• [Material supplied]

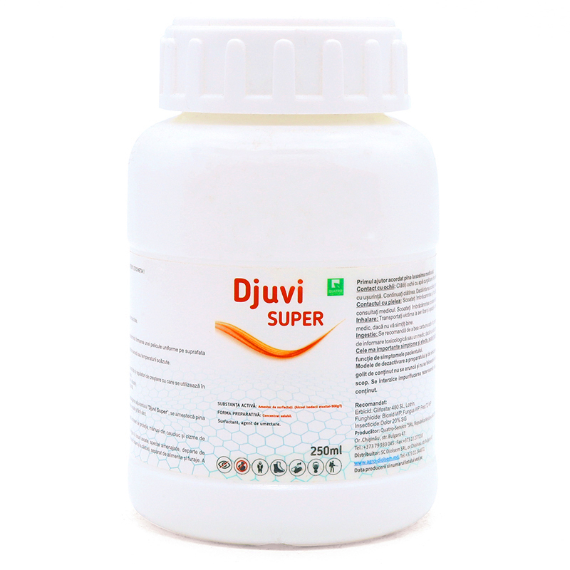 METODA DE APLICARE: Adăugăm adjuvantul "Djuvi Super" la soluția de erbicide, fungicide sau insecticide, apoi se amestecă bine până când se obține o soluție omogenă. Tratamentul trebuie efectuat în ziua preparării soluției, în condiții meteorologice uscate și fără vânt.
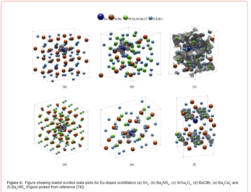 Density functional theory has been employed to study halide based scintillators. Sub-classes of halide-based scintillators studied include alkali-based halides, rare-earth and different dopant variants of these materials, see Figure 6 [66,67]. For a while alkali halide-based scintillators have been model systems and has paved ways for the fundamental understand of scintillator technology. Insight from studies of alkali halides have provided detailed understanding of point defects. Alongside point defect-related traps, the mechanisms of charge or exciton self-trapping are areas of paramount importance in scintillator physics. Recent research have reported several novel halide-based scintillators with excellent scintillation properties [68]. Specifically, the structural, electronic, and optical properties of CeX3 (X = Cl, Br) within the generalized gradient approximation. The lattice parameters and optical properties calculated are in good agreement with the experimental data [69]. The investigation further obtained the energy band structures and density of states and optical properties. Theoretical methods have also been employed in the study of defect in halides namely in calculating formation energies of iodide vacancy in SrI2 for different charge states [70]. The work successfully investigated optical trap depth, absorption transitions and thermal trap depth of the luminescence centers. Other theoretical investigations examined lanthanum-based halides like LaBr3 and LaCl3 [71]. These offer energy resolution of 2.6- 3.3% at 662 keV, however growing them is challenging. Efforts have also been made to investigate Eu-doped halides like BaI2, BaBr2, SrI2, SrBr2, CaI2 and mixtures of these compounds because of their scintillation properties. This investigation identified strontium iodide as readily growable.
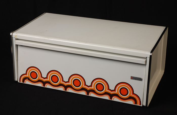 Witte broodtrommel met oranje en bruine decoratie, m...
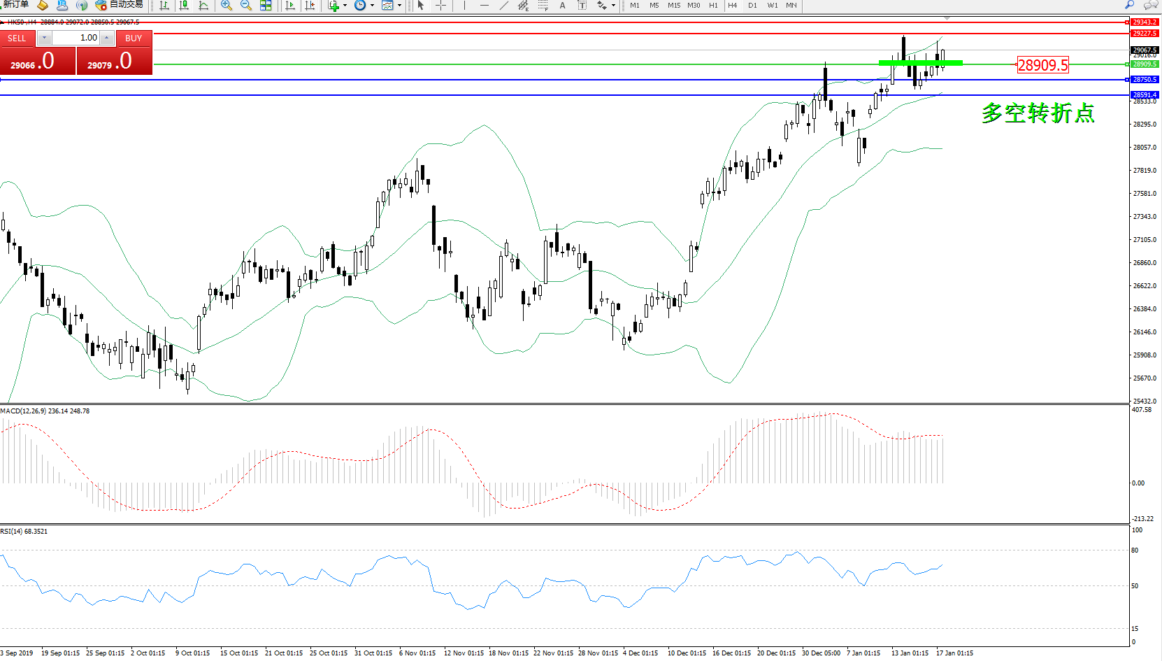 交易策略:28909上方看涨,目标29227、29343
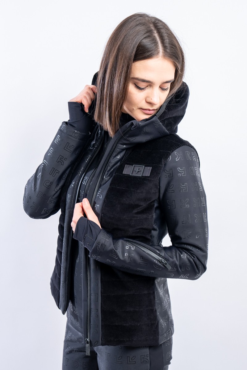 Nata in Alto Adige One More è il risultato della fusione tra sport e natura, si contraddistingue come brand contemporaneo, tecnologico ed ecologico. Il softshell 451 è la giacca dal taglio sportivo contraddistinto da una sofisticata eleganza valorizzata dal taglio sciancrato. Il velluto millerighe effetto 3D sul busto si alterna al tessuto Econylon® su fianchi e maniche, arricchito dall'iconica stampa One More effetto shiny. Adatta ad ogni attività all'aperto quando le temperature sono più alte, o come complemento aggiuntivo nelle giornate più rigide, è dotata di cappuccio e tasca porta skipass. Impreziosito dalla scritta OneMore realizzata in cristalli Swarosvki, è un capo funzionale e pratico che non rinuncia a stile ed eleganza.
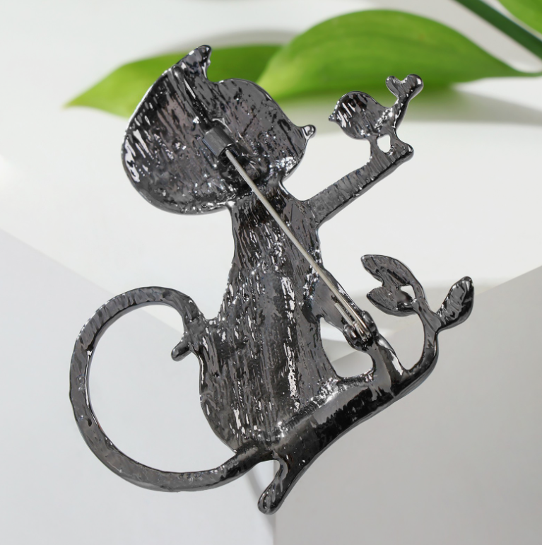 Брошь мультяшная "Кошка" с птичкой, цвет зелёный в сером металле интересное:

• [Work request] Output every entry word for word, but omit the pictures.

• [Your response]
 METODA DE APLICARE: Adăugăm adjuvantul "Djuvi Super" la soluția de erbicide, fungicide sau insecticide, apoi se amestecă bine până când se obține o soluție omogenă. Tratamentul trebuie efectuat în ziua preparării soluției, în condiții meteorologice uscate și fără vânt.
 Density functional theory has been employed to study halide based scintillators. Sub-classes of halide-based scintillators studied include alkali-based halides, rare-earth and different dopant variants of these materials, see Figure 6 [66,67]. For a while alkali halide-based scintillators have been model systems and has paved ways for the fundamental understand of scintillator technology. Insight from studies of alkali halides have provided detailed understanding of point defects. Alongside point defect-related traps, the mechanisms of charge or exciton self-trapping are areas of paramount importance in scintillator physics. Recent research have reported several novel halide-based scintillators with excellent scintillation properties [68]. Specifically, the structural, electronic, and optical properties of CeX3 (X = Cl, Br) within the generalized gradient approximation. The lattice parameters and optical properties calculated are in good agreement with the experimental data [69]. The investigation further obtained the energy band structures and density of states and optical properties. Theoretical methods have also been employed in the study of defect in halides namely in calculating formation energies of iodide vacancy in SrI2 for different charge states [70]. The work successfully investigated optical trap depth, absorption transitions and thermal trap depth of the luminescence centers. Other theoretical investigations examined lanthanum-based halides like LaBr3 and LaCl3 [71]. These offer energy resolution of 2.6- 3.3% at 662 keV, however growing them is challenging. Efforts have also been made to investigate Eu-doped halides like BaI2, BaBr2, SrI2, SrBr2, CaI2 and mixtures of these compounds because of their scintillation properties. This investigation identified strontium iodide as readily growable.
 Witte broodtrommel met oranje en bruine decoratie, m...
 交易策略:28909上方看涨,目标29227、29343
 Nata in Alto Adige One More è il risultato della fusione tra sport e natura, si contraddistingue come brand contemporaneo, tecnologico ed ecologico. Il softshell 451 è la giacca dal taglio sportivo contraddistinto da una sofisticata eleganza valorizzata dal taglio sciancrato. Il velluto millerighe effetto 3D sul busto si alterna al tessuto Econylon® su fianchi e maniche, arricchito dall'iconica stampa One More effetto shiny. Adatta ad ogni attività all'aperto quando le temperature sono più alte, o come complemento aggiuntivo nelle giornate più rigide, è dotata di cappuccio e tasca porta skipass. Impreziosito dalla scritta OneMore realizzata in cristalli Swarosvki, è un capo funzionale e pratico che non rinuncia a stile ed eleganza.
 Брошь мультяшная "Кошка" с птичкой, цвет зелёный в сером металле интересное:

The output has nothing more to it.